Achter de houtbouwplannen staat een brede coalitie van overheden, marktpartijen en kennisinstellingen. Ondertekenaars van het convenant zijn onder meer gemeenten, de provincie Flevoland, het Rijk, bouwers, ontwikkelaars, corporaties, architectenbureaus, banken, Staatsbosbeheer en de TU Delft.
Volgens de ondertekenaars is er sprake van houtbouw als de constructie van het gebouw voor een bepaald percentage uit biobased materialen bestaat. Voor grondgebonden woningen is het minimum 80 procent, voor gestapelde woningbouw onder tien lagen 65 procent, en voor gestapelde woningbouw vanaf tien lagen 50 procent.
Met het opschalen van houtbouw in de MRA willen de partijen bijdragen aan een schonere en duurzamere bouw. 20 procent houtbouw moet 220.000 ton CO2-uitstootreductie en een ‘aanzienlijke’ vermindering van stikstofuitstoot opleveren.
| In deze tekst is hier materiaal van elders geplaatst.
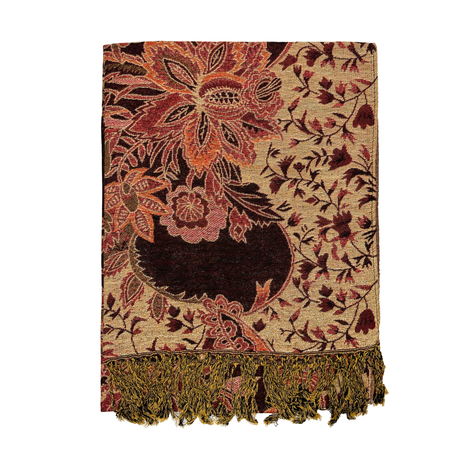Pashmina Red and Tan Flower Pattern Scarf
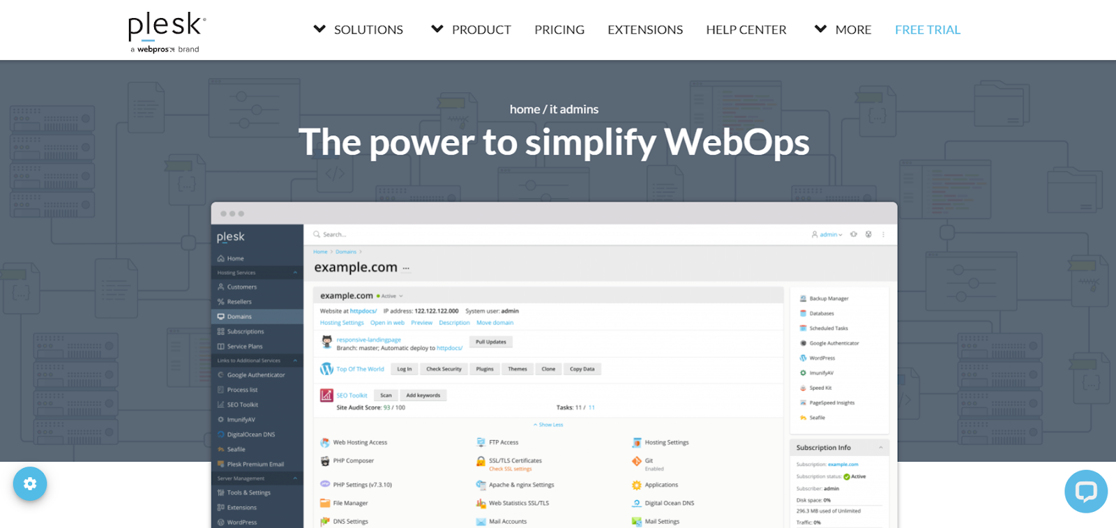 Plesk is well-regarded for its ability to simplify what’s often called “WebOps”. This makes it easier for IT administrators and web professionals to manage their servers and websites.
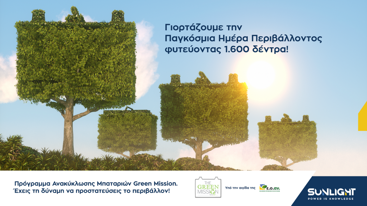 Η SUNLIGHT, μέλος του Ομίλου Olympia, με αφορμή την Ημέρα Περιβάλλοντος, ανακοινώνει ένα ολοκληρωμένο πρόγραμμα δεντροφύτευσης, μέσω της πρωτοβουλίας Green Mission. Η εταιρεία διαχρονικά αναγνωρίζει τις σημαντικές ευκαιρίες που προσφέρει η κυκλική οικονομία για τις επιχειρήσεις, τόσο από την άποψη της οικονομικής ανάπτυξης και των ανταγωνιστικών πλεονεκτημάτων όσο και για την προστασία του περιβάλλοντος. Στο πλαίσιο αυτό, από το 2015 που λειτουργεί η μονάδα ανακύκλωσης Sunlight Recycling έως και σήμερα, έχει συλλέξει και ανακυκλώσει περισσότερο από 108.000 τόνους παλαιών μπαταριών και άλλων ανακυκλώσιμων υλικών, στις εγκαταστάσεις της Κομοτηνής. Παράλληλα, η εταιρεία έχει ξεκινήσει ήδη, μέσω του νέου υπερσύγχρονου ερευνητικού κέντρου λιθίου, τη μελέτη για την ανακύκλωση μπαταριών και την ελαχιστοποίηση των επικίνδυνων στερεών αποβλήτων λιθίου.

De overheden, marktpartijen en kennisinstellingen presenteren een waslijst aan afspraken. Daarbij is speciale aandacht voor locaties. De publieke en private partijen moeten voldoende locaties en ontwikkelposities inbrengen voor bouwen op de korte termijn. Een uitdaging daarbij is dat gemeenten vaak maar gedeeltelijk grondeigenaar zijn en dat afspraken over houtbouw met vastgoedpartijen nog niet gebaseerd kunnen zijn op sturende regelgeving.
Ook is er aandacht voor het stroomlijnen van het houtbouwproces. De opschaling moet bereikt worden met meer industrialisatie en efficiëntie in de houtbouw, en met slimmere logistiek. Die modernisering van de houtbouw moet de branche ook aantrekkelijker maken voor toekomstige werknemers, als antwoord op oplopende personeelstekorten in de bouw. Verder moet het meer met hout bouwen een economische impuls geven aan de bouwsector aan de MRA en de rest van Nederland. De ondertekenaars willen de komende jaren minimaal één productiefaciliteit voor houtbouw in de MRA optuigen, waar ook gewerkt kan worden aan het vergroten van de houtbouw-expertise en het geven van trainingen in de nieuwe werksoort.
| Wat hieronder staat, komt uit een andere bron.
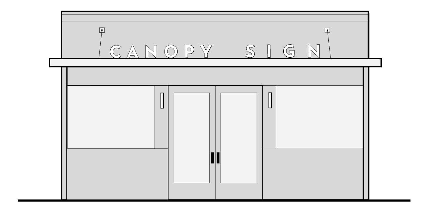 Shingle Sign. A sign that is suspended beneath a marquee, covered walkway, canopy, or awning.
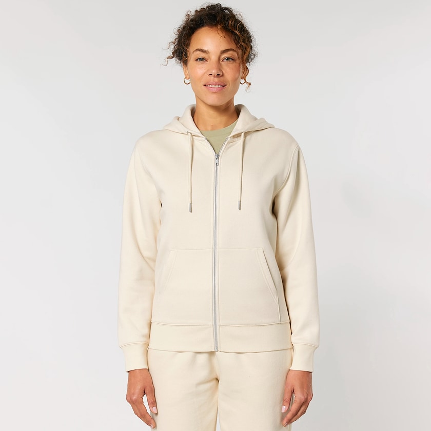 Miljøvennlig hettegenser med lang glidelås til både til herre og dame. Hettegenseren er laget av 100% økologisk bomull.

Verder werken de ondertekenaars aan kennisontwikkeling en – monitoring. De deelnemende partijen werken aan een gezamenlijke Kennisagenda MRA-Houtbouw voor de periode 2021-2025, die zorgt voor het actief ontwikkelen en kennisdelen rond alle aspecten van houtbouw. De MRA werkt daarbij nauw samen met de City Deal Convenant Green Deal Houtbouw 2021-2025.
Opvallend is dat in het convenant niet wordt gesproken over de productie van het hout zelf. De Nederlandse bossen kunnen op dit moment niet voorzien in voldoende hout voor grootschalige woningbouwproductie. In een in februari gepubliceerde verkenning door de TU Delft schreven onderzoekers dat we vooralsnog vooral afhankelijk zijn van het buitenland als we woningen van hout gaan bouwen. ‘We kunnen in Nederland meer hout gaan oogsten en zijn ook van plan om meer bossen aan te planten. Echter, door het bescheiden bosoppervlak in Nederland gecombineerd met het feit dat we niet over echte productiebossen beschikken is onze houtvoorraad zeer beperkt.’